Incidentally, I don’t spend a lot of time on Instagram or Snapchat. And while I know lots of adults who do, none of us are nearly as plugged into these networks as the generations younger than us. As such, the culture that surrounds social media–the slang, the hashtags, the aesthetics–are often beyond our grasp.

Similarly, it’s hard for me to feel the gravitational pull of Fortnite‘s social charms. How excited can I get about discovering a supply llama or unlocking John Wick if there’s no one around to appreciate it? What’s the significance of a virtual rocket launch if there are no other eyewitnesses to discuss it with? What’s the appeal of appearances by celebrities if you no longer idolize them?

 

I don’t mean for this to sound sad, but I’ve realized that no matter how much time I put into Fortnite, or how much mastery I gain over its mechanics, I’ll never experience it the way millions of younger players are now. With Fortnite comes a feeling that the culture of video games is passing me by, and that’s jarring for someone who’s been playing games since the Reagan administration.

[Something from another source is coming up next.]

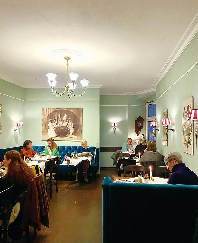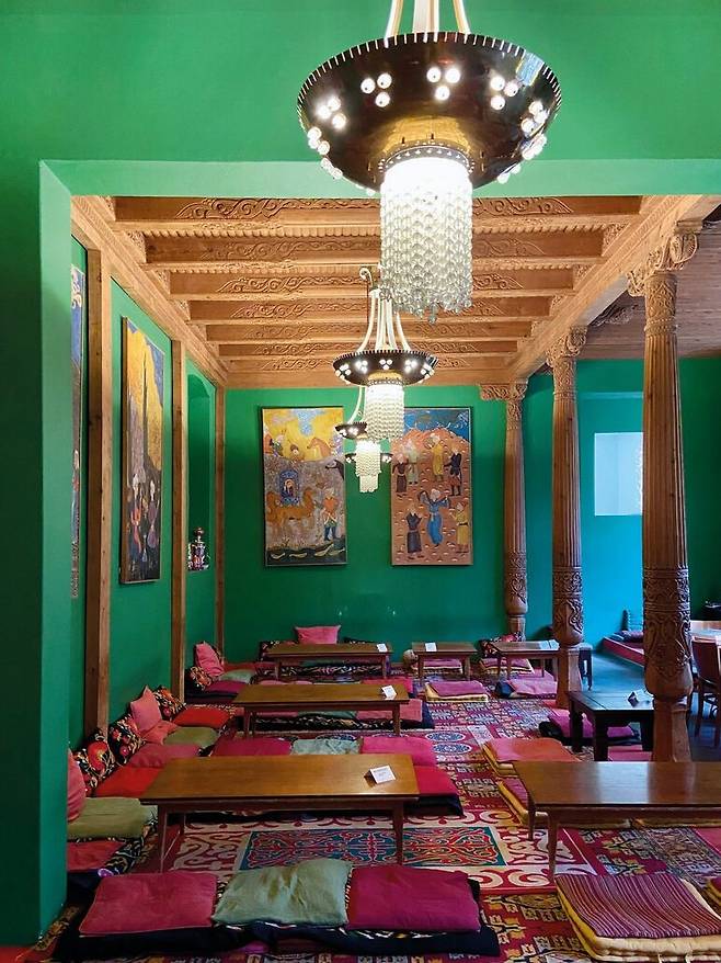섬세하게 조각된 단향목 기둥과 좌식 테이블, 카펫이 깔려 있는 내부는 들어서는 순간부터 신비롭다. 이 다실은 원래 1974년 라이프치히 무역박람회에 전시되었던 공간으로 1999년까지 운터 덴 린덴의 ‘팔레스 암 페스퉁스그라벤’에 자리해 있었다. 이후 현재의 자리로 옮겨와 12년째 찻집으로 운영 중. 차실은 구소련에 속해 있던 타지키스탄이 원조다. 러시아 전통 찻주전자에 나오는 사모바르 티 세트는 여러 가지 종류의 설탕과 잼, 건포도, 쿠키, 보드카가 함께 나온다. 좋은 차 셀렉션과 함께 러시아식 만두인 멜리니, 피로시키, 수프 등의 다양한 음식도 즐길 수 있다. 현금 결제만 가능하다

Meanwhile, signs of my own taste freeze are setting in. Last night, instead of settling into another round of Fortnite on the Nintendo Switch, I downloaded a different game called Hollow Knight. It’s not an oldie, but it borrows liberally from atmospheric, explorational classics like Metroid, and it quickly grabbed my attention in ways that Fortnite never did. Where Fortnite felt unwelcoming and alien, Hollow Knight felt comfortable–kind of like hearing an old song for the first time.